Первый тем временем додумал свою мысль до конца.
– Чего ты шумишь?.. – сказал он.
Но второй, неизвестно что вычитав в моем паспорте, вдруг слабо махнул рукой:
– Пойдем…
– Куда мы пойдем? – изумленно уставился на него первый.
– Пойдем… Потом.
– Ты понимаешь, что ты говоришь? Ты понимаешь, что ты говоришь?

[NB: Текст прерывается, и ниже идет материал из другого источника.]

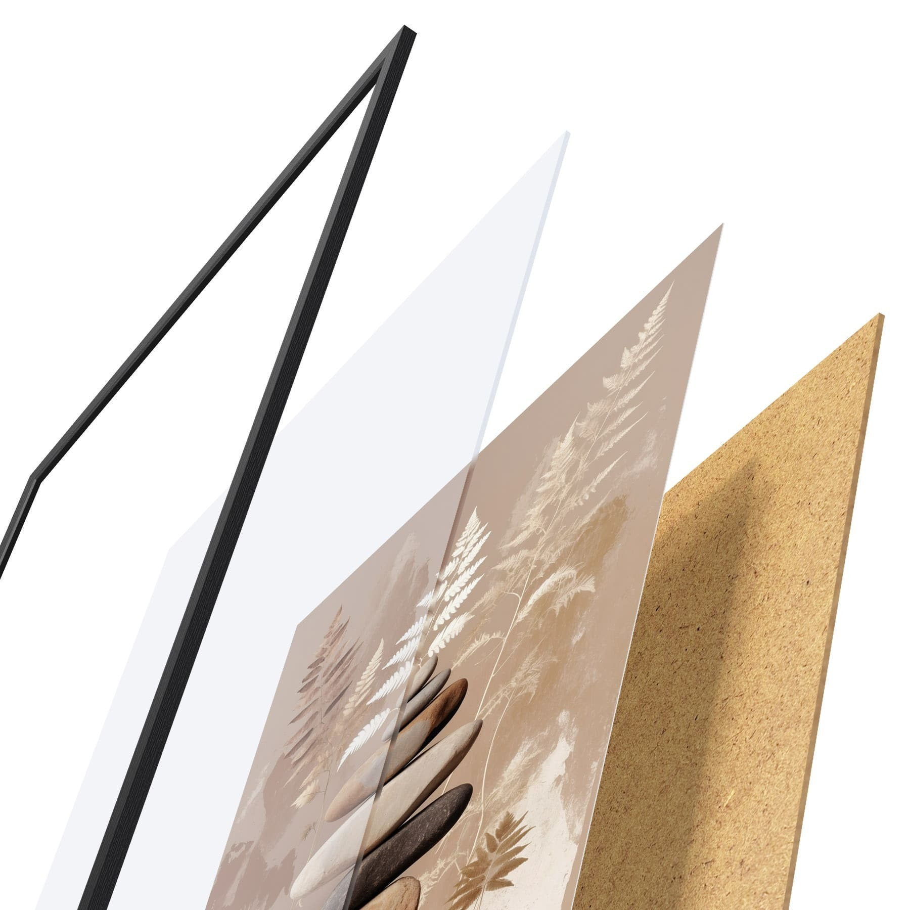 Plakatą sudaro rėmas, pleksiklas, atspausdintas vaizdas ir medžio drožlių plokštės pagrindas. Plakatą galima iš karto pakabinti ant sienos dėl kitoje pusėje esančių laikiklių.
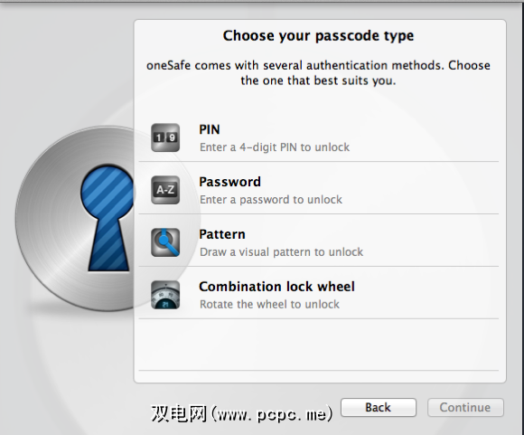 如果您将定期访问oneSafe内容,则可以选择使用病毒码密码来解锁应用程序,或者您可以使用更复杂,更安全的密码,其中包括数字,字母和符号。 oneSafe不会存储您的密码,因此您也可以选择发送自己的两个安全问题和答案,以在需要时重置密码。

– Пойдем… – очень тихо, морщась, сказал второй и снова махнул рукой.
– П-льто мое – где?
Трогательно подсобляя друг другу, они в четверть часа надели пальто. Первый долго копался, сопя, в углу и выкопал непочатую бутылку. С большим трудом он засунул ее в карман…
– Стоп, – сказал я. – А этого кто заберет?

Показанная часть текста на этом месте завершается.